On the opposite street-corner,
two adults beamed on an infant
sound asleep in a carriage
then gazed into their eyes
silently, still, smiling, the cacophony
of the parking garage,
the street and the cars,
as nonexistent for them as I.
The recounted familiarities
so there when passed by
on one’s way, in an OTIS vehicle,
to install an elevator, escalator or moving walkway,
moved; we tilted our helmet.
Poem section
The jungle crosses the threshold.
We contact our friends.
“Jungle Boogie,” obsolete machetes.
You should choose your place in this
bush adjacent to my screened-in porch,
birds. Because only the strongest gusts
jostle the wind chimes, there.
Poem section
The last time I was heard
I had coughed,
no one within 100 feet of me
(I was being polite).
I blew away a red spider
hanging from an oasis
in the midst of the parrot man
and the parrot man’s enthusiasts.
The plumber repaired the jumping water jets
on the stone hill near the masonic lodge
as I lit a Parliament Menthol Light
because that is what I smoked then.
I was in a 3000GT
with a decorative spoiler so slick
I was too hot (by which is meant sexy)
to be a terrorist.
I was too polite to discard my cigarette filter
into any neighbor’s garden
because I believed litter belonged in the road
and I was alone.
Poem section
On sleeping pills, paint in the painting moves
when we focus on areas of the painting
the paint moves around
(kinetic periphery).
You cannot forget you are falling asleep
with your disagreeable hand on your face,
the fingers smelling of odd creams,
soap, smoke or dough.
Un-to the Sepulcher
(slow of heart)
How did I awake? No boulder needed pushing aside
although it felt that way, tallying eight deaths, a little blue
in the sky (notice the compact size), dressing for mass
downtown where design imprisons, where the spires
quiver tentacular, and the sinners, their futility, trying
to erase the X marks on their hand backs. Mary, Mary,
quiet St. Mary fetishizes ideas of baby, of contracts,
punks put out on her cheeks, diving head first nude
into pool water drank and flicked onto sinners, those
dehydrated Caucasians day drinking and hung over
indoor ponds, water pouring from golden decanters
onto infant crowns, mothers smiling ecstatic and wild,
fathers a blur the congregation cannot see, their tan lines
nothing but lines, but seen, giving the bends to fantasies
of inner tubes in lazy rivers of megamalls in late afternoon
light, waterfalls soothing me to sleep… How did I awake?
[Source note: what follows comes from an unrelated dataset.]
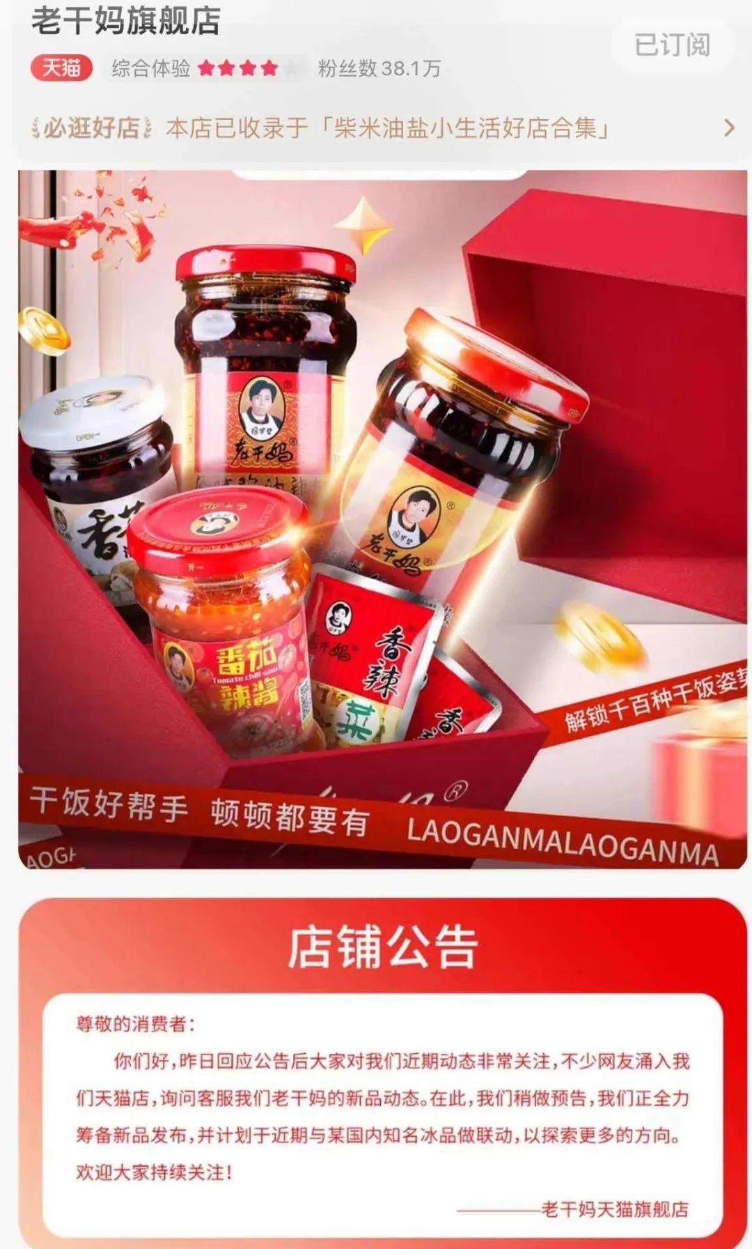 3月17日,老干妈天猫旗舰店发布公告:正全力筹备新品发布,并计划于近期与国内知名冰品做联动,以探索更多的方向。

In a glass hexagon cell on cushions, glared at, my soul
mate’s nipples perked and I am feeling like I am falling
asleep to a thousand Newton’s cradles clicking, clacking
and sinners neighing holy holy holy holy holy holy holy
* and the scintillas tumble out of my soul mate’s purse
onto onyx tiles, my cirrhotic mania devolving into cackles
ringing off the porcelain toilet where my caca sinks like
macaws of smoke. It is said: It’s not what is done, but what thou call it.
Stunts, stick ups and lust. The outlined creases between her thighs.
The laughter thru her hair is hers, yes, as she takes down her panties,
looking close up at the third world details of my dark sneaker
with her weed eyes. At peace, I said unto her: My god, if only
I could put a little order to it. : Rab-bo’ni, which is to say, Master.